↓
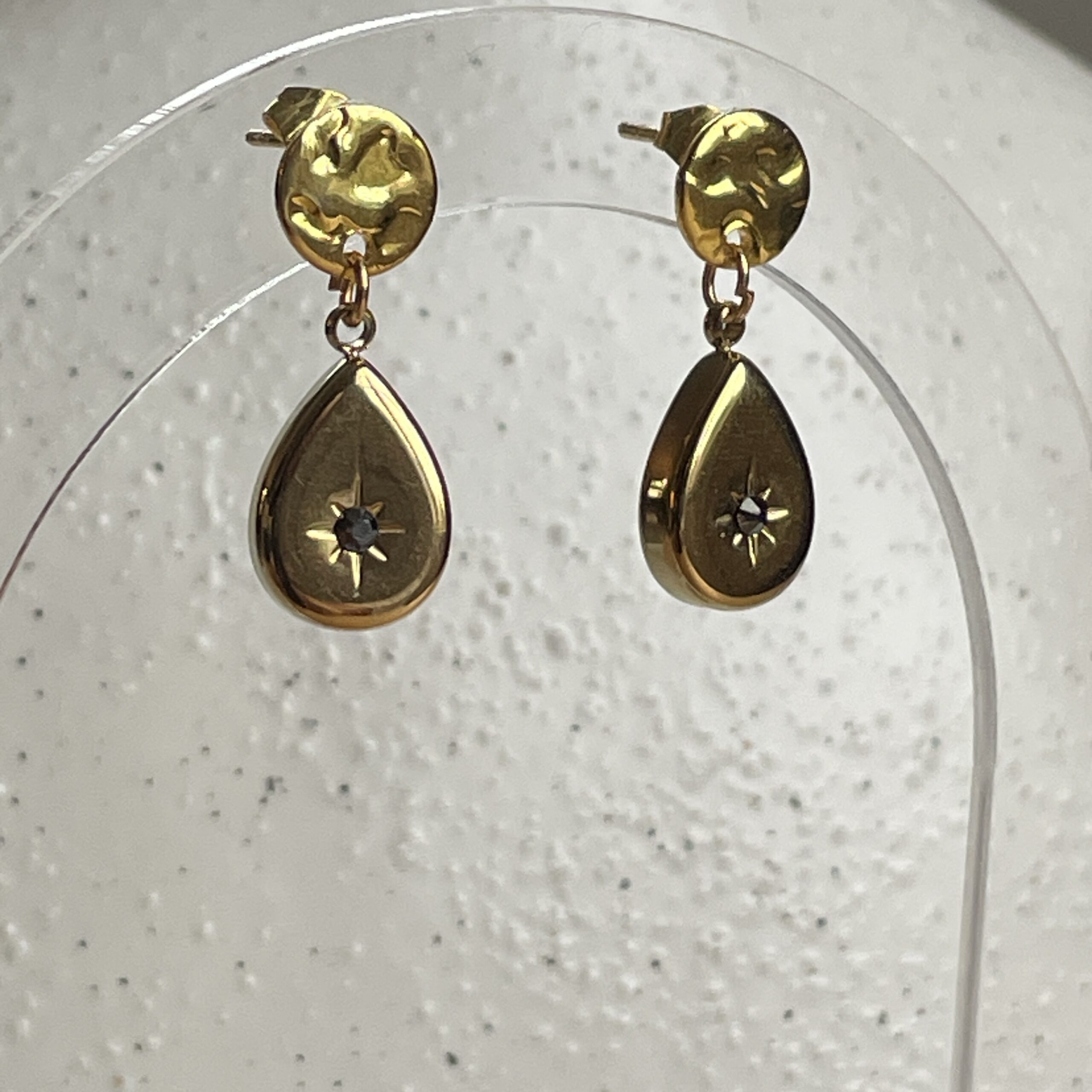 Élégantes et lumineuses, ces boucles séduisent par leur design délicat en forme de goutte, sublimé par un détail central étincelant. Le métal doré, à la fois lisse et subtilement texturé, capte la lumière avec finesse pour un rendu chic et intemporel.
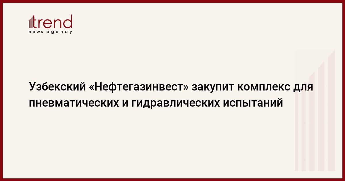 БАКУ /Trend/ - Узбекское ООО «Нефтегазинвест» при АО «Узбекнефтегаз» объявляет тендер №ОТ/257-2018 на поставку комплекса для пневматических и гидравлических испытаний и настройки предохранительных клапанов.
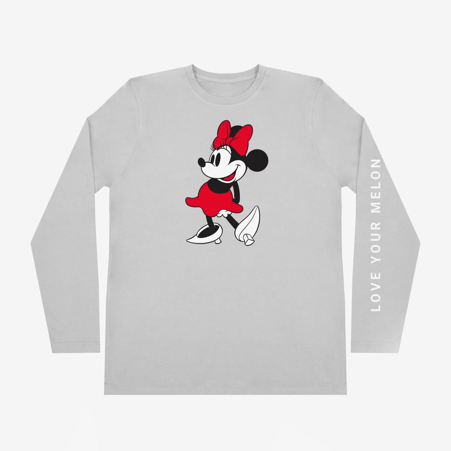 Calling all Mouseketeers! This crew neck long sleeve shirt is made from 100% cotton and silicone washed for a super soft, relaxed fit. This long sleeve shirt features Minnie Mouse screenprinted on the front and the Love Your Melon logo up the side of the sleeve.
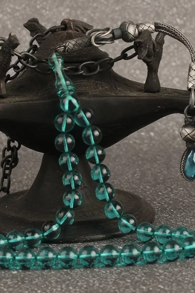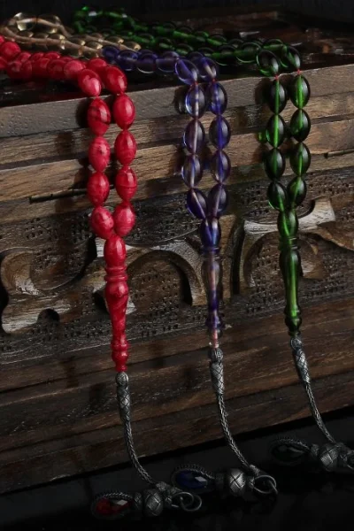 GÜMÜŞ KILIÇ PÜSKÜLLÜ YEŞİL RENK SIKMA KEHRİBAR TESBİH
↑
↓
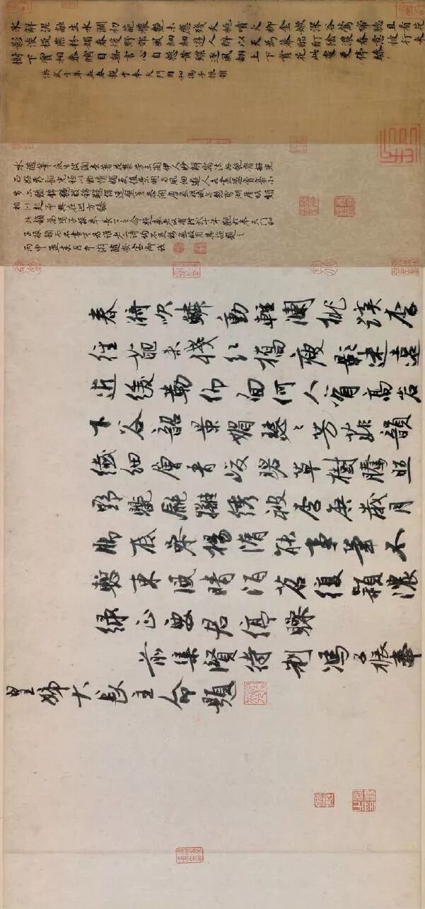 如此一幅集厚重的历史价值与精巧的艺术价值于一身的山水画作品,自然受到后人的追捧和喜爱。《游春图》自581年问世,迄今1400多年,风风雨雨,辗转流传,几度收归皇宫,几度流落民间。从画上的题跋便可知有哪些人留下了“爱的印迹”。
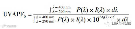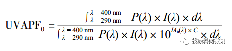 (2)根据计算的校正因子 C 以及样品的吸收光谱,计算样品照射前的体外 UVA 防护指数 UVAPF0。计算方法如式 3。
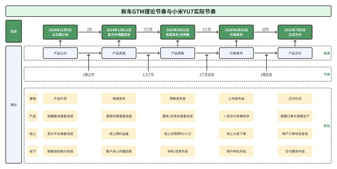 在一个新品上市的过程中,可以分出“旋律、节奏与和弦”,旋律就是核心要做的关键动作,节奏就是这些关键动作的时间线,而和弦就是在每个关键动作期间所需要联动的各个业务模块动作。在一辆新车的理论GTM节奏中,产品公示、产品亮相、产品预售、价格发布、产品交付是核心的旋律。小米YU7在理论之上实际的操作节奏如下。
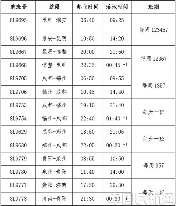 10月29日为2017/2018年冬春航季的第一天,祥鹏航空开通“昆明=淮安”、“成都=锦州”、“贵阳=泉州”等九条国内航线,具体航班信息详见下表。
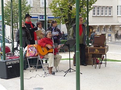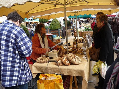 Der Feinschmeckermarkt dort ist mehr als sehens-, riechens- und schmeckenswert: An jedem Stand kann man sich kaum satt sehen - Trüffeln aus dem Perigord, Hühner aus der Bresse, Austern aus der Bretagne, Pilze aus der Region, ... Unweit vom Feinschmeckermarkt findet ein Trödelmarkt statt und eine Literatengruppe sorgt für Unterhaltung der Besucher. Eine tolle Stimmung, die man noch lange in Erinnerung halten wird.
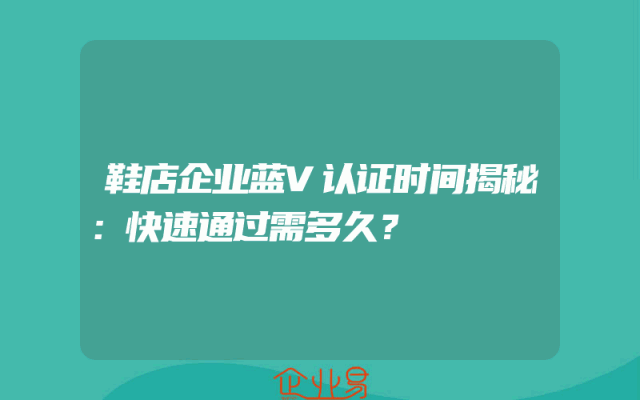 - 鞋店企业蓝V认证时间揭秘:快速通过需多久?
↑
↓
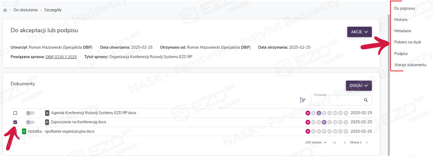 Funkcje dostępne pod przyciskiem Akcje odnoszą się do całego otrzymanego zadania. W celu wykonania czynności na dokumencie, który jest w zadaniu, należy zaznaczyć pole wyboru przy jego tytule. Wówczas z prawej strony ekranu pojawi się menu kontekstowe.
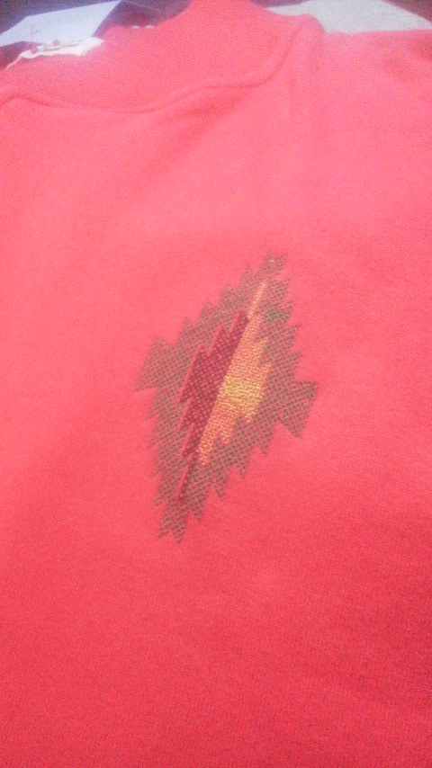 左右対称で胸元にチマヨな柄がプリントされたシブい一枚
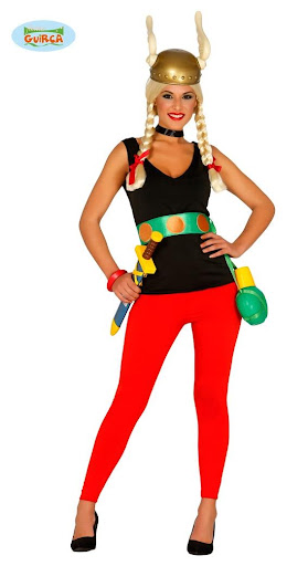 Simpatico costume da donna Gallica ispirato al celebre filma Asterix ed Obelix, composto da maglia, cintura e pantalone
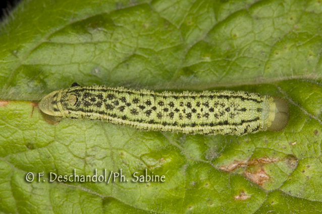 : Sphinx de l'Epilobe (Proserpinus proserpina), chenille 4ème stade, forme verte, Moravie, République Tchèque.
↑
▶ **WHAT THE TASK ASKS**
Please set down, exactly and with no pictures, the lines in the entries above starting at the one holding "左右対称で胸元にチマヨな柄がプリントされたシブい一枚" and ending at the one holding "Moravie, République Tchèque.", ends included.

▶ **OUTPUT FOR THIS TASK**
 左右対称で胸元にチマヨな柄がプリントされたシブい一枚
 Simpatico costume da donna Gallica ispirato al celebre filma Asterix ed Obelix, composto da maglia, cintura e pantalone
 : Sphinx de l'Epilobe (Proserpinus proserpina), chenille 4ème stade, forme verte, Moravie, République Tchèque.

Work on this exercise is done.